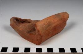 | Description / विवरण | A fragment of a jar of slipped red ware with flanged rim, concave neck straight sides of thick fabric well levigated. |
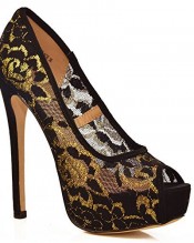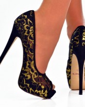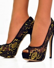 Black golden lace peep toe stiletto high heel date party evening shoes
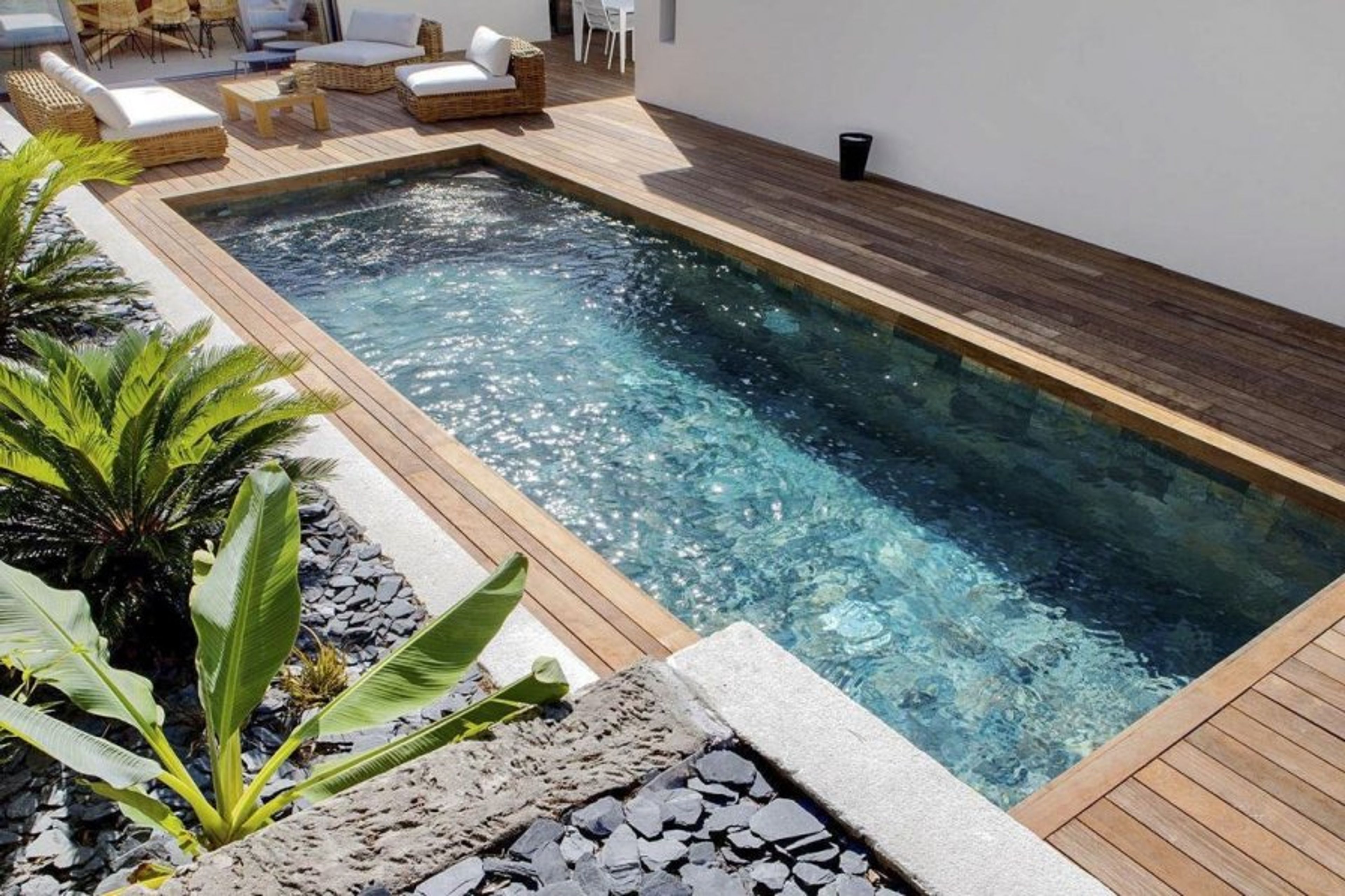 Heading outside, the landscaped garden is like a private oasis where you can spend the day taking a dip in the inviting pool or sunbathing on the stunning wrap-around decked area. There are also outdoor sofas and dining spaces, so you can spend lots of time outside enjoying the weather and the serene surroundings.

======

What you need to do: Without the images, print all of the lines above exactly.

Written answer:
 | Description / विवरण | A fragment of a jar of slipped red ware with flanged rim, concave neck straight sides of thick fabric well levigated. |
 Black golden lace peep toe stiletto high heel date party evening shoes
 Heading outside, the landscaped garden is like a private oasis where you can spend the day taking a dip in the inviting pool or sunbathing on the stunning wrap-around decked area. There are also outdoor sofas and dining spaces, so you can spend lots of time outside enjoying the weather and the serene surroundings.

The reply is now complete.